Summary: an exceptional work of history and journalism, exploring in careful detail the tragedies and atrocities borne and perpetrated by ordinary people in war
On the morning of 22 April 1978 the IRA assassinated Millar McAllister, a police photographer, in front of his young son. The trigger man, Harry Murray, was one of the IRA’s few Protestant volunteers. A former member of the RAF, Murray had been embittered against the Loyalist community when it had driven him out of his own home early in the Troubles for the offence of marrying a Catholic.

Of course Murray did not act alone. In Anatomy of a Killing, Ian Cobain presents a horribly gripping account of the operation. He examines the various roles of those involved, and also explores the motivations and rationales for their choices, and the strategies, arising in part from history, of both the British and the IRA which led to their actions.
In Cobain’s account the IRA’s adoption of the tactic of “close quarters assassinations” was in response to the revulsion caused by the burning to death of 10 civilians on an evening out at La Mon House hotel.
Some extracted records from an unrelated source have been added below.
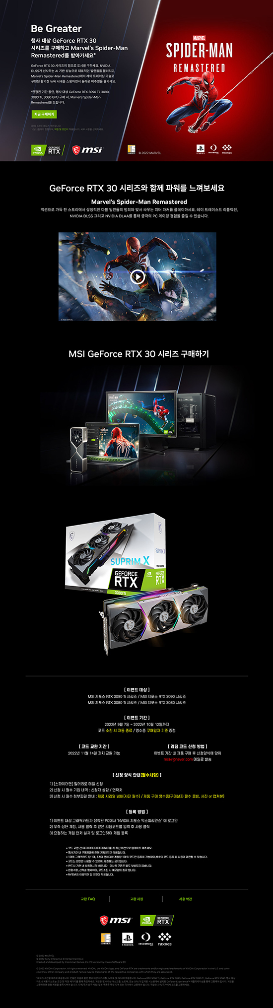 ¡®MSI ÁöÆ÷½º RTX 3090 Ti / 3090 / RTX 3080 Ti / RTX 3080 ½Ã¸®Á ±×·¡ÇÈÄ«µå¸¦ 2022³â 9¿ù 7ÀϺÎÅÍ 2022³â 10¿ù 12ÀϱîÁö ±¸¸ÅÇÏ´Â °í°´Àº °ÔÀÓ Äڵ带 ¹ÞÀ» ¼ö ÀÖÀ¸¸ç, ¡®¿£ºñµð¾Æ ÁöÆ÷½º ÀͽºÇǸ®¾ð½º¡¯¸¦ ÅëÇØ °ÔÀÓÀ¸·Î ±³È¯ÇÒ ¼ö ÀÖ´Ù.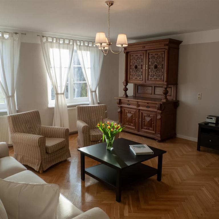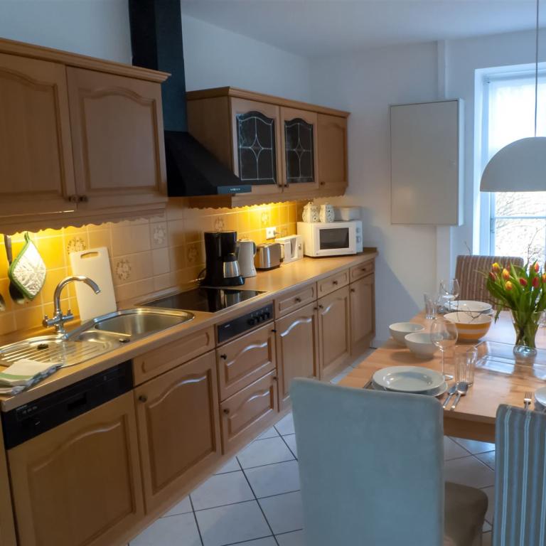 Die ca. 100 qm großen Ferienwohnungen liegen im Erdgeschoss des Hauses und sind für 4 bis max. 6 Personen (vier Erwachsene und zwei Kleinkinder) eingerichtet. Beide Wohnungen sind durch separate Eingänge zu erreichen und natürlich mit W- LAN und SAT-TV ausgestattet. Parkmöglichkeiten gibt es direkt vor dem Haus.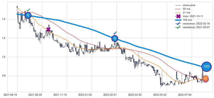 ➢ 21小时均线于(2022-06-27: 0.7238)形成【金叉】基于【金叉历史模型】预测金叉后最高波峰价格: 0.8438, 金叉后最高价格0.8600,虽然已经到达预测最高波峰价格,但耗时间很短动能很强, 预期继续上涨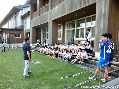 海風が最高に心地が良く、湯野浜海水浴場の近くにある校舎にNo.22DFイ ジェスン選手No.28GK摂津 颯登選手が伺いました。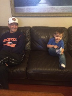 | Fall mean FOOTBALL. Here’s Oscar rooting for the nailbiting Bronco’s with Papa Chuck. |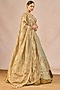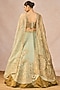 Featuring a sage green lehenga in tissue base with kashmiri kali, chaand and bagh-e-noor embroidery. It is paired with an embroidered corset-style blouse, two dupattas in tissue and sheer organza having fan-golden embroidery and a can-can. Elevate the look with kundan or statement jewellery, paired with a chic potli bag and elegant heels for a polished finish. Perfect for wedding festivities, mehendi, or day-time celebrations.
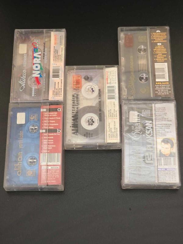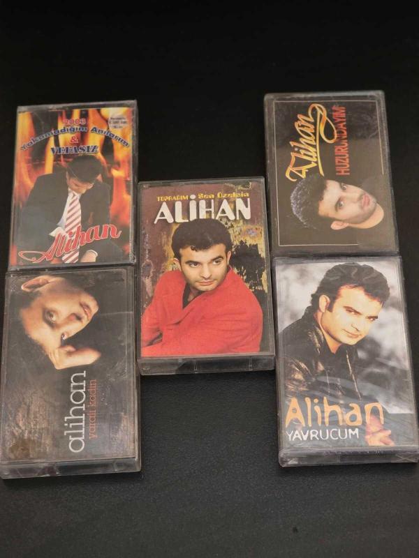 Alihan'ın Bizim Türkülerimiz, Yaralı Kadın, Vefasız, Toprağım&Sen Özelsin, Huzurundayım ve Yavrucum adlı albümlerinin jelatini açılmamış orijinal ambalajlı kaseti. Önemli Not: 3 Tanesinin ambalajı yıprandığı için fotoğraf çekiminde kötü görüntü oluşturması sebebiyle jelatinleri çıkarılmıştır.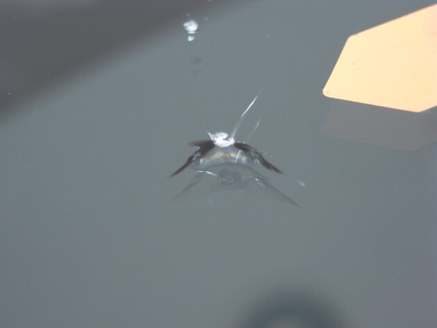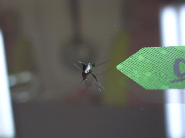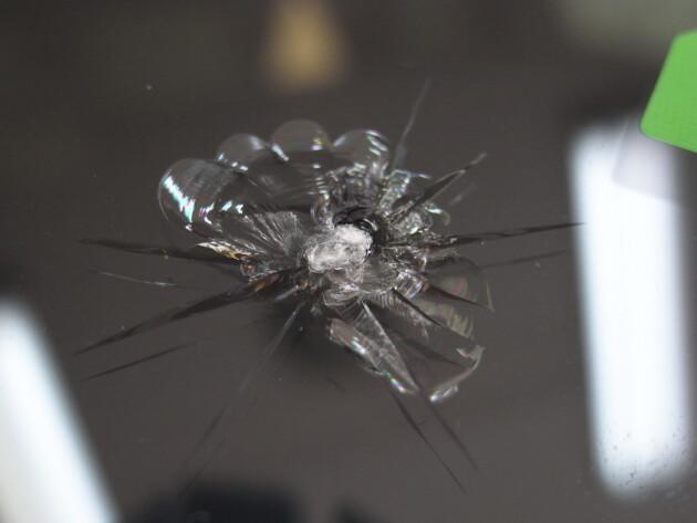 複数個所衝撃点が有り複雑なヒビ割れになっています。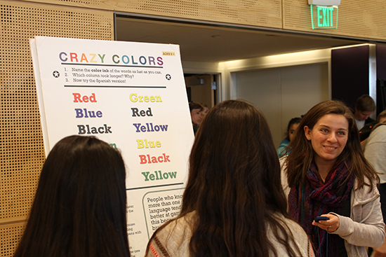 Lily Shafer, an I-LABS outreach assistant, led groups of students through variations of the Stroop test, which reveals our cognitive flexibility – or lack thereof. In the photo below, she's timing how long it takes a student to say the names of the colors when they're written in the same color (left column) and then, in contrast, how much longer it takes to say the color name when it's written in a different color ink (right column).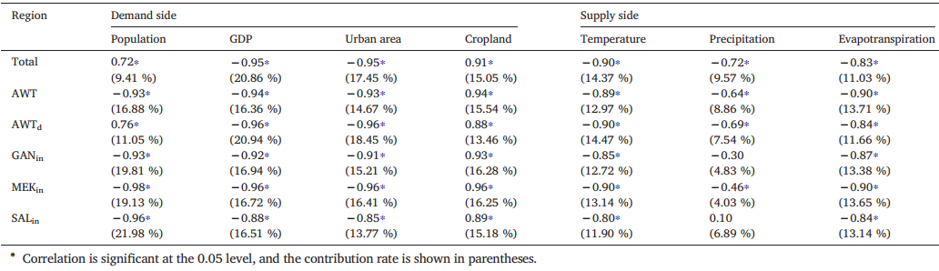 表1 各因子与生态系统涉水服务供需比的相关性和贡献率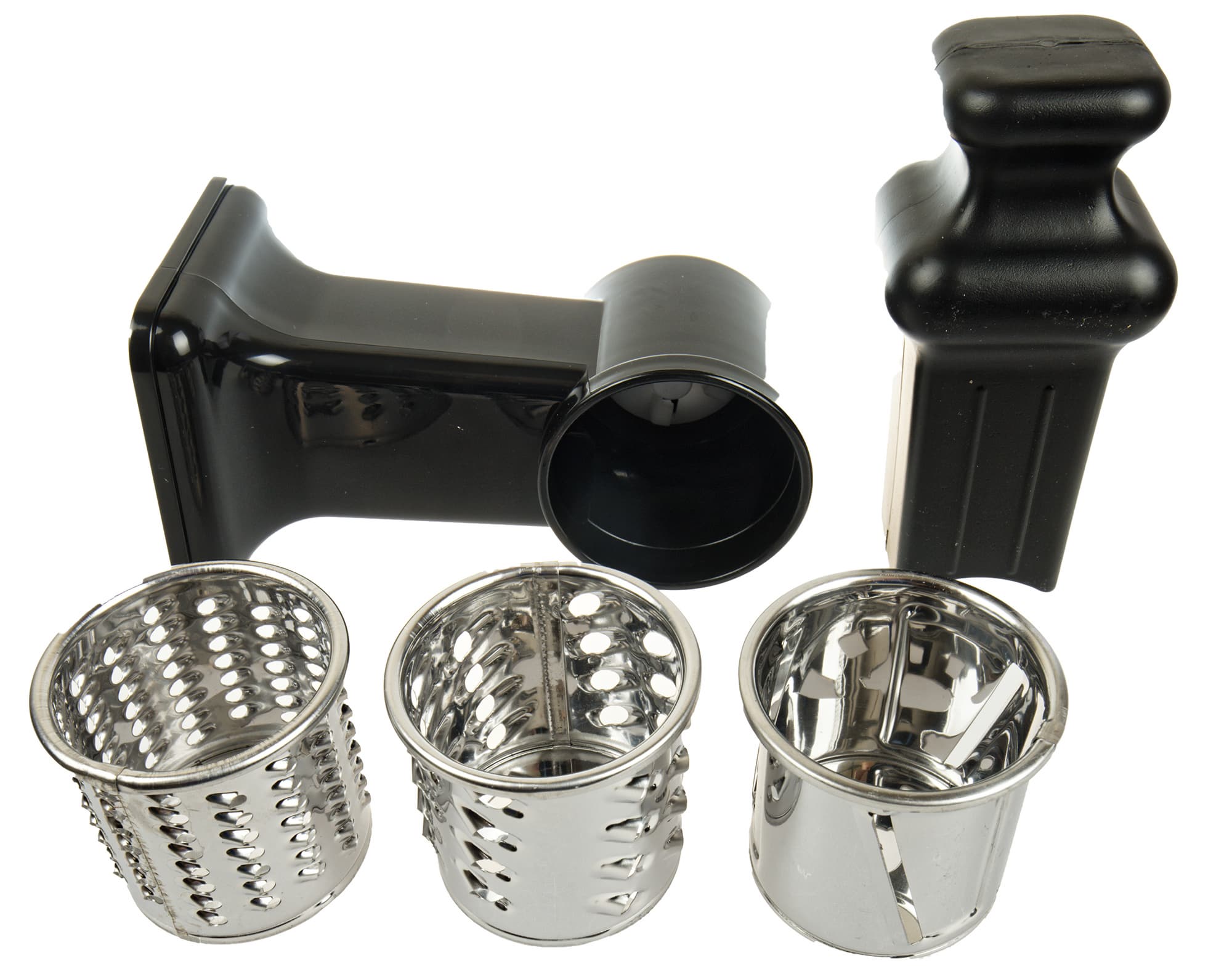 Насадка для нарезки овощей и других продуктов представляет собой отдельный корпус с толкателем и металлическим цилиндром, который, вращаясь, измельчает продукты. Размер загрузочного отверстия 5×5 см — в него легко поместится крупная морковь или четвертинка яблока. Для того чтобы зафиксировать терку внутри корпуса, следует просто совместить отверстия на дне цилиндра с выступами на валу корпуса.
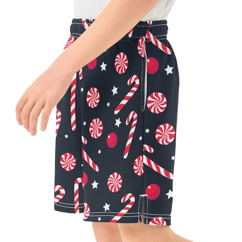 Candy Canes Athletic Shorts with Zipper Pockets, Youth Boys Athletic Running Shorts for Summer 6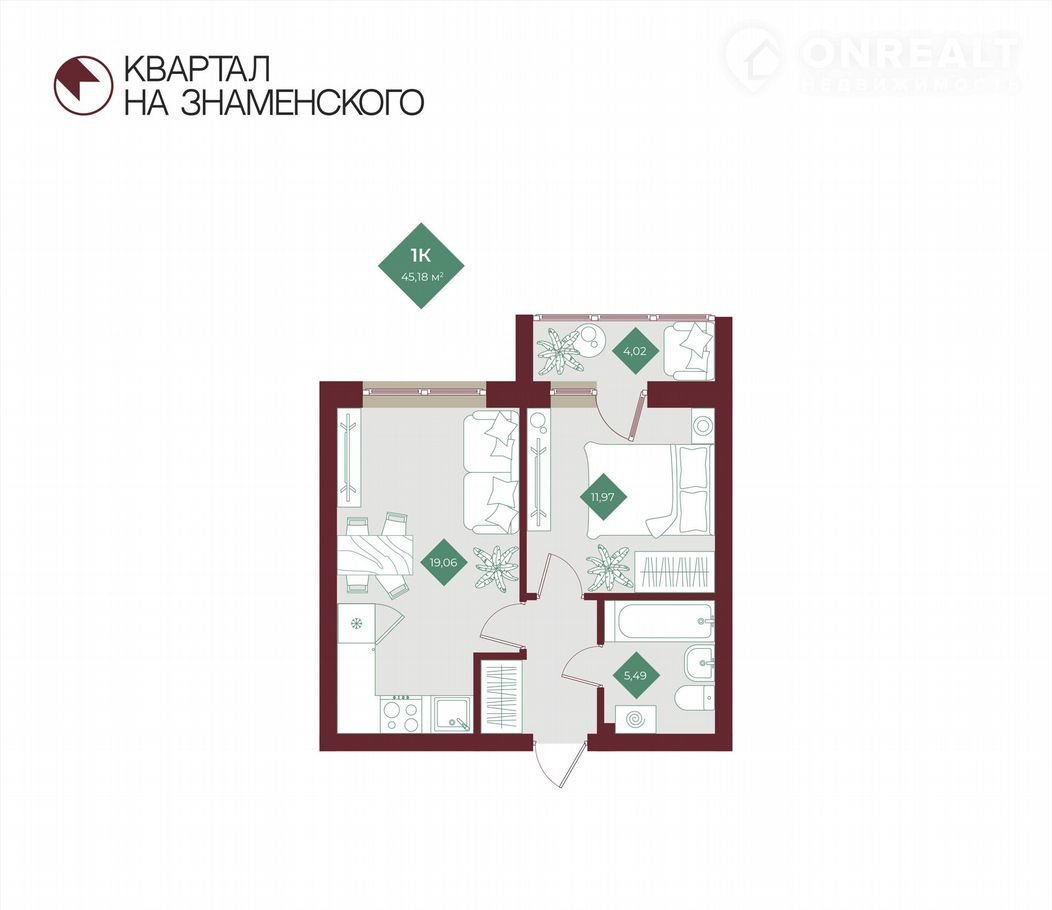 Квартал на Знаменского, ГП1.3, ГП1.3, Квартира №77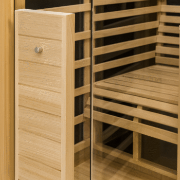 This detail highlights the sauna’s sturdy solid wood door frame, featuring precise joinery and natural wood grain for lasting strength and a warm, inviting appearance. The refined finish ensures durability and blends seamlessly with the overall sauna design.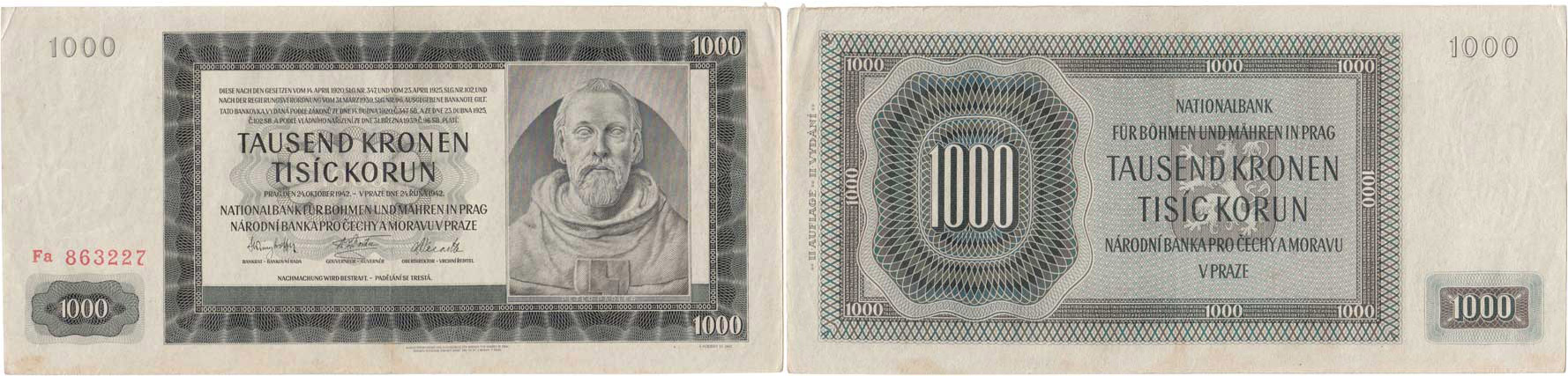 1000 Koruna 1942 - 2.vyd.- série Fa, BHK.39a, He.41a, "neperf."

This atrocity was directly facilitated by spectacular incompetence in issuing a warning by the IRA unit who planted the blast-incendiary devices on the hotel’s dining room. But this sort of bloodshed was almost an inevitable outcome of the campaign of “economic warfare” which the IRA in their dubious strategic wisdom had fixed upon.
So rather than risk the bad publicity that outrages such as La Mon provoked, the IRA leadership decided that it was a more moral course to focus on members of the state forces. McAllister was mistakenly believed to be a special branch detective, so this, combined with the opportunity of carrying out an attack in the garrison town of Lisburn led to him being targeted.
Of course the idea that such a killing would have any influence upon establishing a more just British policy in the North was as deluded as the idea that “economic warfare”, the destruction of Northern Irish businesses, would shift British thinking.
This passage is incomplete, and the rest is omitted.